Revista Rua

2019-05-24T14:51:34+00:00 Descobrir, Radar, Viagens

Em Lisboa, há jardins encantados para descobrir neste fim de semana

Jardins Abertos, o festival das plantas e jardins encantados em Lisboa para ver nos dias 25 e 26 maio.
Fotografia ©Aline Macedo
Cláudia Paiva Silva
Cláudia Paiva Silva24 Maio, 2019
Em Lisboa, há jardins encantados para descobrir neste fim de semana
Jardins Abertos, o festival das plantas e jardins encantados em Lisboa para ver nos dias 25 e 26 maio.
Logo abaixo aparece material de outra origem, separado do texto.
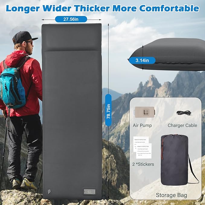 - Expanded Size: inflatable sleeping pad for the comfort of outdoor camping sleep, we have upgraded the size of the foam camping pad, which is wider and longer compared to other single person sleeping mats. The inflatable mattress camping measures 27.56 inches x 78.74 inches x 3.14 inches and can be folded up to 26.37 inches x 9 inches, weighing 7.27 pounds. This camping mattress also comes with strong stickers to deal with sudden situations where sharp stones cut the mat during camping
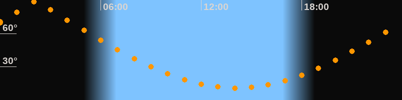 | Höchster Stand (Kulmination) | 02:07 Uhr (h = 89,5°) |
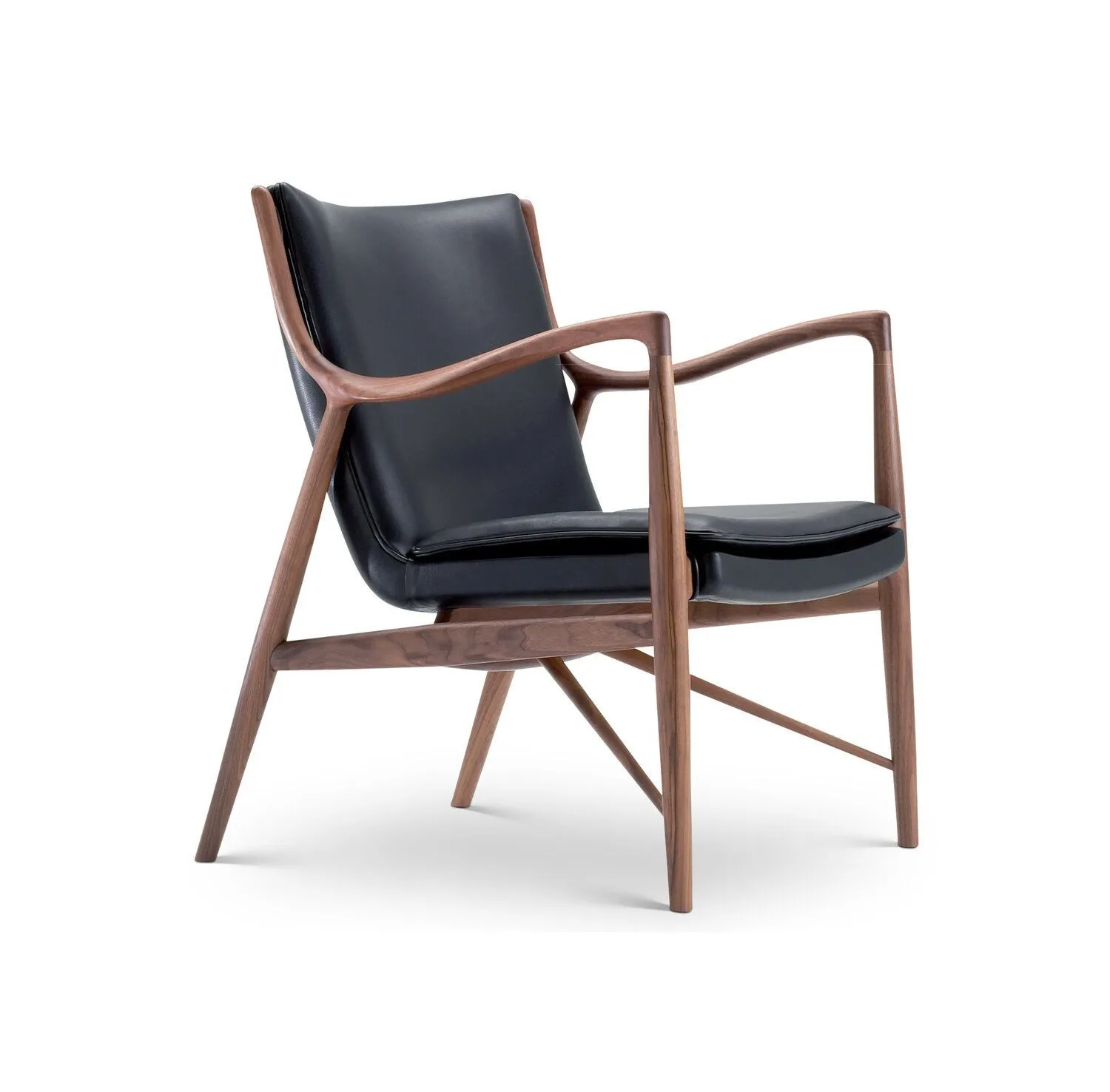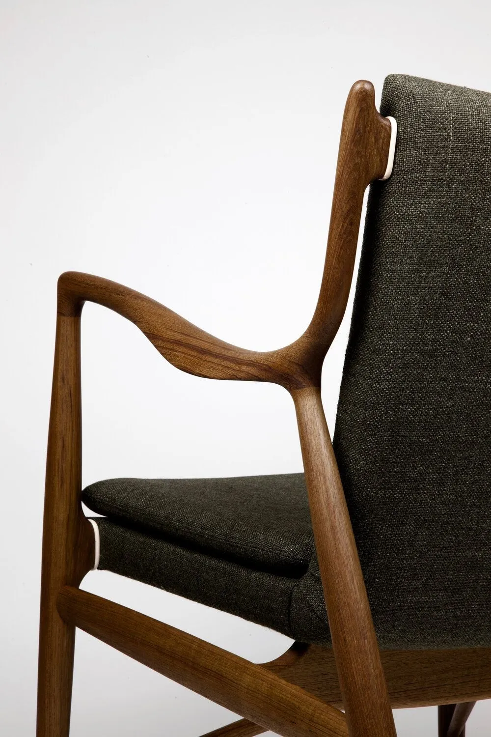 A few years after Finn Juhl’s debut at the Cabinetmaker’s Guild Exhibition he became increasingly interested in applying wood as the dominant shaping material, rather than ‘hiding’ it under a cover of upholstery. When he designed the 45 Chair it had become his objective to create a chair that was almost self-explanatory in its construction and he became one of the first to clearly disconnect the upholstered areas from the wooden frame. The result was an elegant and tantalizing expression that came to characterize Finn Juhl.
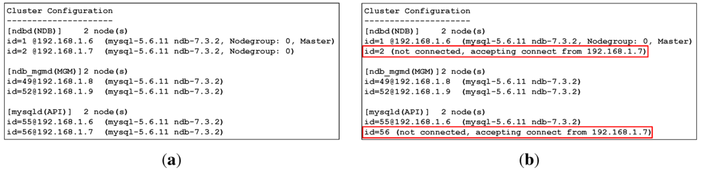 Snapshot of ndb_mgm client showing the most current MySQL Cluster configuration: (a) Both data and SQL node hosts are up and running; (b) One data and SQL node host (192.168.1.7) are down.

É já no próximo fim de semana que se irá realizar, na sua 3ª edição, a iniciativa transformada em festival ecológico e urbanístico chamado “Jardins Abertos”, em vários parques, jardins de palácios e palacetes da cidade de Lisboa, até porque ainda são alguns os exemplares históricos que resistem à batalha contra o tempo e evolução do espaço citadino, acabando por se integrar entre prédios modernos, localizados na sua maioria nas azinhagas que limitavam noutros tempos a capital, entre São Domingos de Benfica e o Lumiar, Marvila e o Beato.

Fotografia ©D.R.

Contudo, a ideia de permitir a entrada de pessoas a estes locais de casas nobres e edifícios privados partiu de Tomás Tojo. O jovem de 28 anos cresceu rodeado de flores e plantas que a mãe mantinha no jardim familiar. Conheceu-lhes assim os nomes, manhas, tratamentos, podas, cultivos e face a tal aprendizagem decidiu-se por juntar plantas e pessoas, flora e fauna, criando um projeto de economia local, social e sustentável. Após passagens por Londres (com uma licenciatura e mestrado em Arte e Cinema) e um curso profissional no Chapitô, o caminho mais óbvio passa por aqui, mostrando o que está geralmente guardado e protegido, e durante dois dias, com a ajuda de vários voluntários – número cada vez maior a cada ano que passa -, ajudar à sua descoberta e divulgação.

Parte da programação apresentada agora passa pelos jardins do incrível Grémio Literário, jardins do Palácio Fronteira, Palácio de Belém, Parque Botânico de Monteiro-Mor e também por um maravilhoso jardim privado, localizado no topo de um edifício de habitação, evocando os rooftops norte-americanos das grandes cidades, sendo também uma forma de manter espaços verdejantes numa cidade que foi sendo construída, aos poucos, roubando-se o espaço rural que pouco agora resta.

Outros dos espaços curiosos encontram-se por exemplo no Telhado Verde da Fábrica de Água de Alcântara, onde a construção dos jardins permitiu reduzir o impacto paisagístico que o edifício da ETAR trouxe à zona, auxiliando também na absorção de raios solares, no Jardim de Exóticas Tropicais – Coleção Privada, começado em 2016, ainda antes do início da reconstrução de uma ruína junto à capela da Nossa Senhora do Monte, no Jardim e Biblioteca Botânica Privada, onde para além das obras publicadas sobre o tema, especializando-se em espécies tropicais cultiváveis em Portugal, é um lugar mágico, com a sua varanda/jardim em pleno contraste verde e lindíssimo, em relação às prateleiras repletas de livros.

Fotografia ©Aline Macedo

Além das visitas, que podem ser guiadas (ver toda a programação no site), o festival conta também com oficinas pedagógicas, vídeo-instalações, debates, exibições de cinema e exposições (estas últimas a ocorrerem na Estufa Fria), com a Mostra de Design Sustentável, pela Escola das Caldas, e a Mostra de Orquídeas pelo Clube dos Orquidófilos de Portugal.

Uma excelente forma de dar mais um olá à Primavera, entre flores e histórias dentro da História.